八戸ペンクラブ
The Hachinohe P.E.N. Club

会員寄稿 かだるべし!八戸の未来

畑中美鈴

 去る十月八日、九日の二日間、N PO在宅ケアを支える診療所・市民全国ネットワーク主催の全国大会 「23回全国の集いin八戸」が開催された。

 大会スローガンは、“かだるべし!創るべし!地域の暮らし日本の未来”である。

 実行委員会メンバー、大会会長の小倉和也医師以下44名の医療従事者で構成され、大規模な大会となった。

 皆様ご周知の事と思うが、大会長の小倉医師は家庭医として広く知られ、八戸市を中心とし在宅医療に積極的に取り組んでおられる方だ。

 現在、日本の地域社会は歴史上類を見ない少子高齢化を迎えている。 高齢者の増加により、人生の終焉を住み慣れた場所で迎えるための地域包括ケアシステムの構築が急務であり、その他少子化対策、障がい者自立などの課題も山積みである。

 自分らしく生きられる地域社会を実現するために、高齢者・子ども・ 障がいを持つ人・子育てや介護する人すべての人たちが安心して生活できる地域共生社会の実現に向けて、 医療・介護・福祉・教育・行政等様々な分野の専門家と市民の協力の必要性を強調する。

 今大会のプレ大会として、四月八日、八戸自由大学主催「八戸自由大学講座100回記念シンポジウム」 が開催された。

 小倉医師の基調講演・演題は“地域共生社会の実現に向けて”である。 「これからの地域包括ケアシテム、 地域共生社会においては、どのような立場の人も他人事ではなく自分の事として地域のくらしを支える仕組み作りに関わる必要があり、少子高齢化を克服する地域のくらしを作ることが、次世代の安心に繋がり最終的に日本の未来を作ることである」 という内容の講話であった。

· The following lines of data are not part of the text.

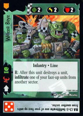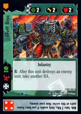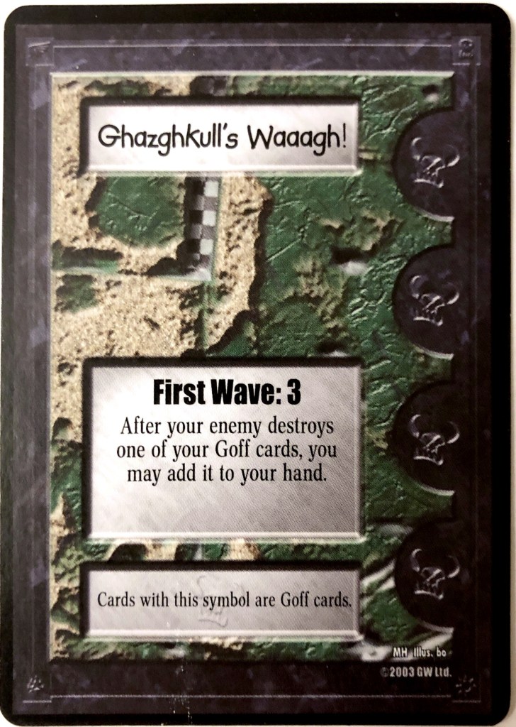 Ghazkull’s Waaagh is definitely a powerful fleet card. I have to be extra careful with my kill order against Goff units, because most Goff cards have command lines that are useful. For example, killing a Rok Thumper early means the Ork player will be guaranteed an armour boosting tactic, or killing a Kannon Krooza means losing a charging unit in the future. By the way, both of those units are all-stars.
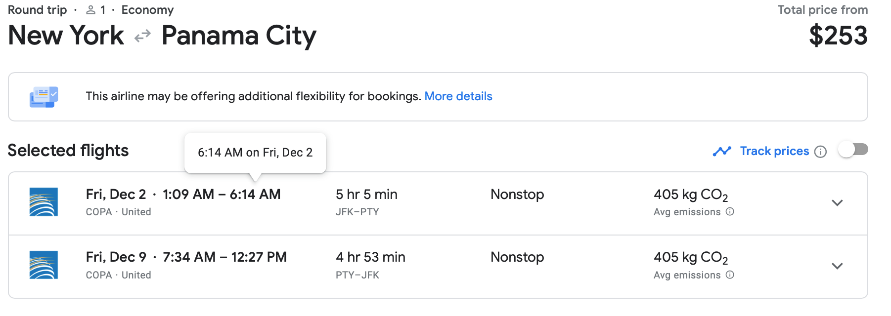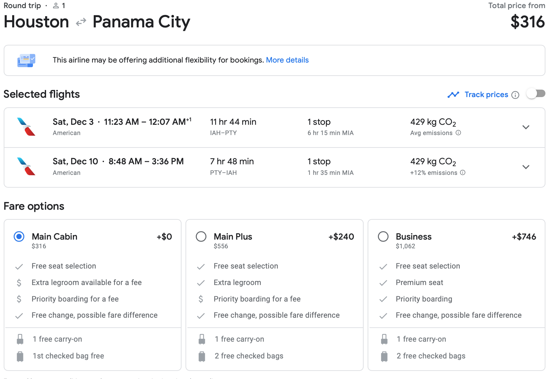Flights from Houston (IAH) to Panama are also drastically discounted with this deal. We found lots of availability for $316 round-trip main cabin fares on American in November and December. The catch is that most of the outbound flights we saw had a lengthy layover in Miami.
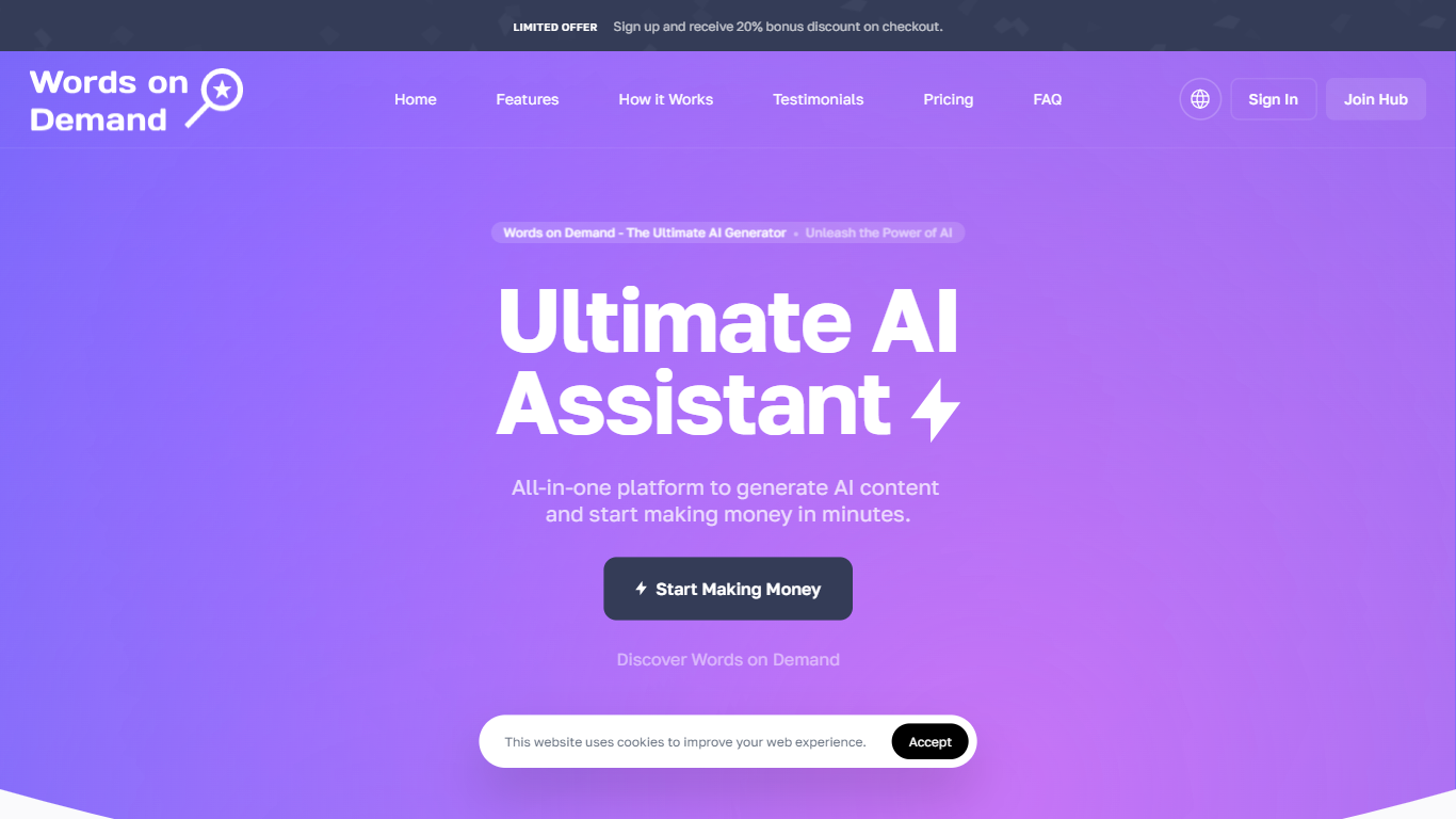 “Words on Demand” is a cutting-edge AI-powered platform designed to revolutionize content creation. With its diverse range of features, it caters to businesses, writers, and digital marketers, offering an all-in-one solution for generating text, images, code, and more.

 パネルディスカションでは、在宅医療・子育て支援・認知症患者と家族・障がい者支援についての意見交換がなされ、八戸地域の未来に向けた取り組みを紹介した。百名以上の出席者があり関心の高さをうかがわせた。

 全国大会当日は、シンポジウム、 公開講座、実践交流会、セミナーなどが多数開催された。 シンポジウム「多職種と市民で作る共生のまち」(八戸自由大学共催) では、シンポジストとして上條勝芳八戸ペンクラブ会員と著者が登壇し、 基調講演は秋田往診クリニック理事長市原利晃医師であり、秋田市の多職種連携の現状と今後の課題について講話頂いた。

 障がい者支援施設のぞみ園施設長の上條氏からは、障がい者が共生できる社会の実現に向けた取り組みを紹介頂いた。

 著者は、市民代表として、在宅で母を看取った経験について発表した。小倉医師に在宅医療を依頼し、住み慣れた自宅で家族の腕の中で命を終えるまでの出来事、医療関係者との関わりなどを交え、多職種連携の素晴らしさを伝えた。

 聴講者の少なさに、一般市民の関心の低さを痛感したが、今後は、医療機関、家族主体の看護介護ではなく、患者の意思を尊重する思いやりのある地域社会が築かれることを強く望むものである。